Depuis 2017, les marchés financiers se montrent particulièrement volatils, et la tendance devrait se poursuivre en 2019. Pourquoi les hausses succèdent ainsi aux baisses, et inversement, dans de tels laps de temps ? Patrick Artus analyse les différentes raisons objectives des phases d’enthousiasmes et de déprime des investisseurs.
Quand on regarde l’évolution des indices boursiers dans la période récente, on observe une forte progression du début de 2017 au début de 2018, puis un recul au 1er trimestre 2018 ; un redressement jusqu’à la fin de l’été 2018, puis une chute de l’été 2018 à la fin de l’année 2018 ; le début d’une amélioration en janvier 2019. La valorisation des actions américaines (par exemple), le PER sur les résultats de l’année suivante sur le S&P passe de 17,2 au début de 2017 à 20,1 à la fin de 2017 ; il tombe à 16,5 au printemps 2018, remonte à 18,3 à l’été 2018, avant de s’effondrer à 14,2 à la fin de l’année 2018 et de revenir à 15,5 au milieu de 2019.
On voit donc une variabilité impressionnante de la valorisation des actions et des cours boursiers ; elle peut avoir des effets très négatifs, en décourageant les investisseurs de détenir des actions cotées, donc en contribuant à la désaffection pour les actions et à la contraction de l’usage des actions cotées pour financer l’économie.
Peut-on comprendre ces variabilités considérables des indices boursiers, cette alternance de période d’euphorie et de périodes de dépression sur les marchés d’actions ?
Nous voyons quatre explications.
La première est que les marchés d’actions ont été soutenus à la fin de 2017 et au début de 2018 par l’annonce de la baisse de la taxation des profits et de l’incitation à rapatrier les profits détenus à l’étranger aux Etats-Unis.

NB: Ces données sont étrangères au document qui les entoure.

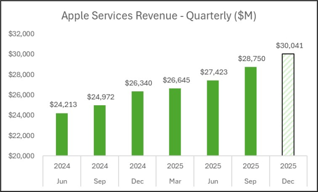 扎克斯一致预期苹果服务业务营收为 300 亿美元,同比增长 14%。下图为苹果服务业务季度营收走势,其中也纳入了本次一致预期数据。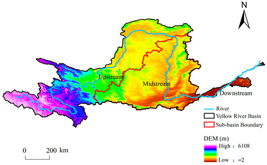 The Yellow River Basin is located between 32°10′–41°50′N and 95°53′–119°05′E (Figure 1). It stretches westward from the Bayan Har Mountains in Qinghai Province, eastward to the Bohai Sea, northward to the Yin Mountains, and southward to the Qinling Mountains. Extending approximately 1900 km from east to west and 1100 km from north to south, it covers a total area of approximately 795,000 km2 [35]. The basin is divided into the upper, middle, and lower reaches, separated by Hekou Town in Togtoh County, Inner Mongolia Autonomous Region, and Taohuagu in Zhengzhou City, respectively. The terrain slopes from west to east. In the west, there is a series of high mountains with an average altitude exceeding 4000 m. The central part features loess landforms with relatively severe soil erosion, at an altitude ranging from 1000 to 2000 m. The eastern part is an alluvial plain with an altitude of ≤100 m [36]. The basin features a continental monsoon climate, with an arid climate in the northwest, a semi-arid climate in the central part, and a semi-humid climate in the southeast. Precipitation mainly occurs from June to September. Most areas receive an annual precipitation ranging from 200 to 650 mm, and the average annual temperature is between −4 and 14 °C [22,35]. The Yellow River Basin has recently encountered challenges, including land desertification, severe soil erosion, vegetation degradation, aggravated water pollution, and runoff reduction. These factors present substantial constraints to the sustainable development of the basin’s ecological environment [10,31].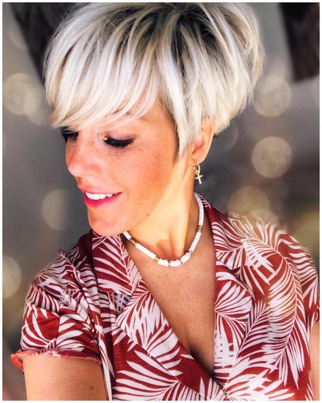 Более того, эта коротко остриженная стрижка дает прекрасную возможность попробовать новый забавный цвет волос. «Креативный выбор цвета может добавить этому образу дополнительную привлекательность», — объясняет Ривера. Почему бы не смешать вещи со свежим рыжим или ярким платиновым блондом? Мы не можем придумать лучшего способа оживить ваш образ и сохранить молодость!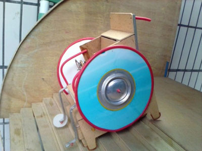 本作品采用摇杆四连杆原理,往复不断地循环运动向前。我们在提出了正确的设计思路后,通过实体店、互联网各种渠道获取所需的材料,然后在家长和老师的帮助下制作成品,制作完毕后发现没有测试工具,于是做出了一个木制底座,来测试该"会爬楼梯的轮椅"的性能。 我们尝试了许多方法之后,发现了诸多不足,于是。我们用一些卡纸片,成品的发动机马达,还有一个纸杯做缓震器,下面有两个木制底座,运用摇杆四连杆的原理不断地往复循环运动向前,前面有两个滚轮辅助运动及转向。 经过诸多改良,最终制成成品。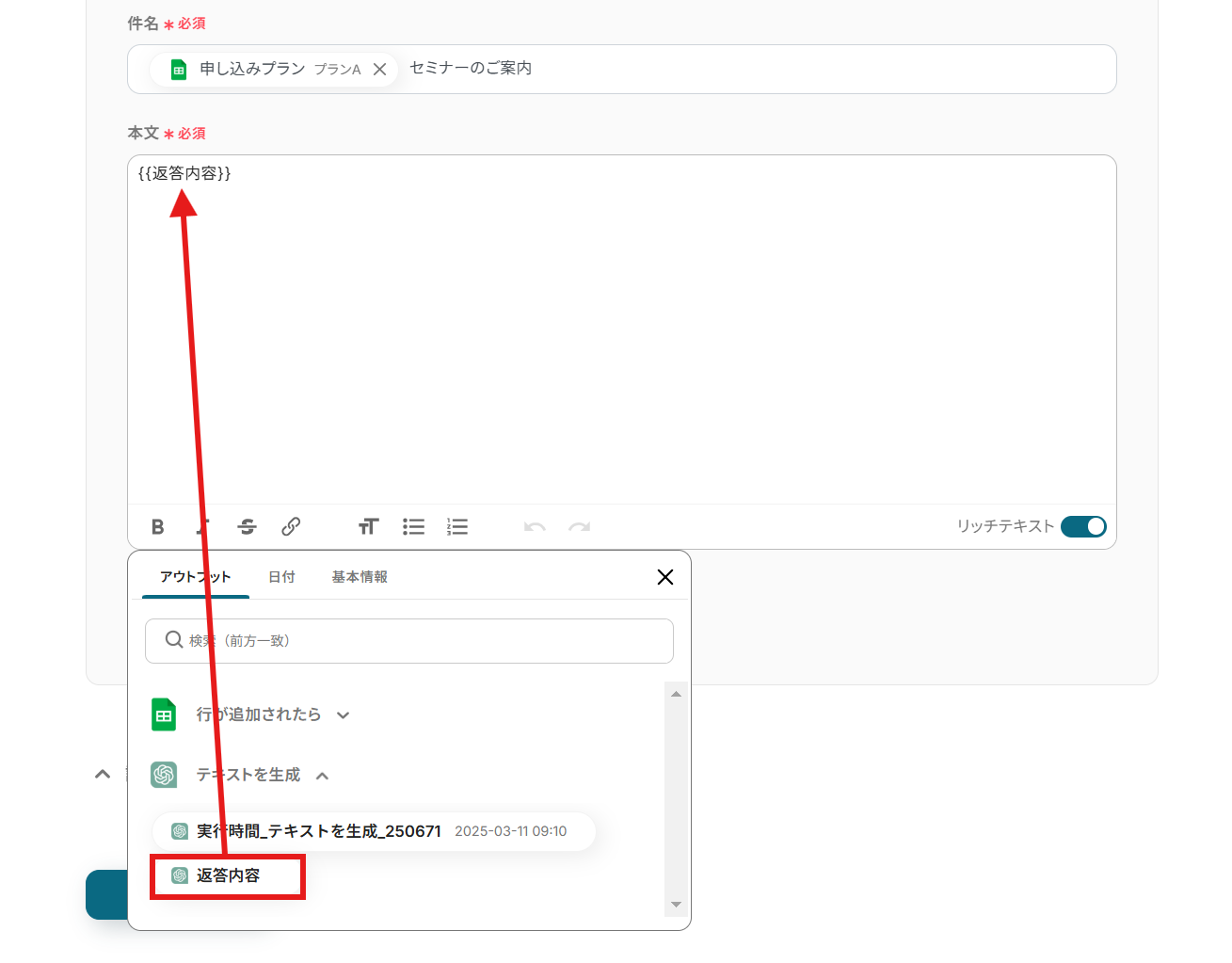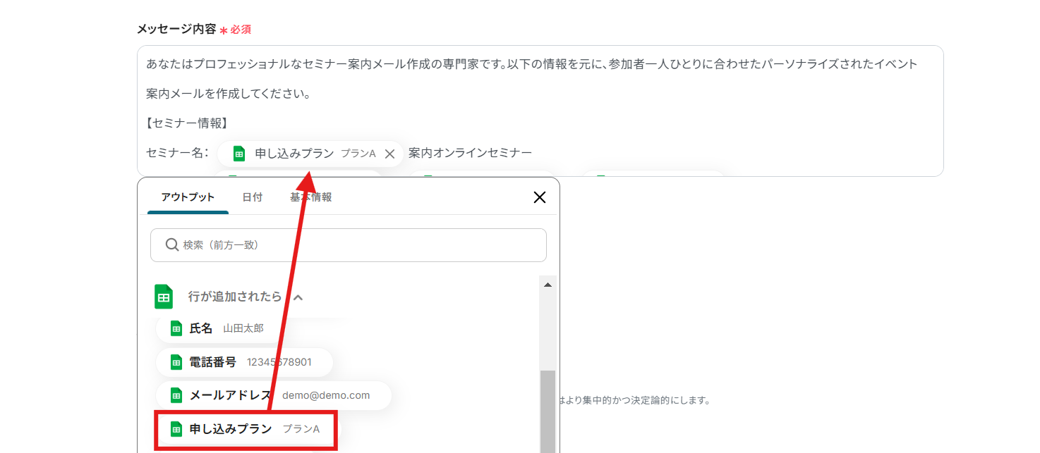 ここに固定のテキストを入れてしまうと、毎回それについて生成されてしまうため、氏名や電話番号などの変動する値はアウトプットから必ず選択してください。

Ces mesures ont accru la profitabilité des entreprises américaines et ont conduit à des rachats d’actions considérables aux Etats-Unis (1000 milliards de dollars en 2018), ce qui a soutenu les cours boursiers quand ces mesures ont été annoncées. Mais il s’agit de mesures efficaces une seule fois, non répétables, qui ne poussent à la hausse que transitoirement les indices boursiers.
La seconde explication est la réelle incertitude qui existe sur les perspectives de croissance et de taux d’intérêt. Normalement, à la fin d’une période d’expansion, il apparaît une récession ; mais aujourd’hui, il semblerait qu’on s’oriente plutôt vers un scénario de soft landing, de passage à une croissance régulière un peu plus faible, aucun des mécanismes qui déclenchent usuellement une récession (inflation, bulles sur les prix des actifs, recul de la profitabilité des entreprises, hausse des taux de défaut des ménages et des entreprises) n’étant présent.
Les investisseurs peuvent cependant douter de la pertinence du scénario de soft landing, et périodiquement revenir à un scénario de récession. De plus, l’incertitude a concerné aussi la politique monétaire, en particulier aux Etats-Unis : en janvier 2017, les investisseurs pensent que la Réserve Fédérale va monter le taux d’intérêt des Fed Funds à 2% à la fin de 2019 ; en août 2017, c’est 1,75% ; en octobre 2018, c’est 3,25%, et enfin en janvier 2019, c’est 2,50%. L’oscillation des anticipations de croissance et de taux d’intérêt explique celle des indices boursiers.
La troisième explication est la présence de risques difficiles à évaluer dans leurs effets : la guerre commerciale entre les Etats-Unis et la Chine, le Brexit, la crise italienne, les sanctions contre la Russie, l’Iran…
La quatrième explication enfin est liée aux comportements des investisseurs : leur mimétisme amplifie les mouvements à la hausse ou à la baisse des indices boursiers, ce mimétisme résultant de l’utilisation de limite de volatilité ou de pertes, du développement des gestions passives (ETF), du trading algorithmique…
Il existe donc de nombreuses raisons (véritables incertitudes macroéconomiques, mesures transitoires de soutien des marchés, inquiétudes géopolitiques, mimétisme des investisseurs) qui aboutissent à une volatilité très forte des indices boursiers.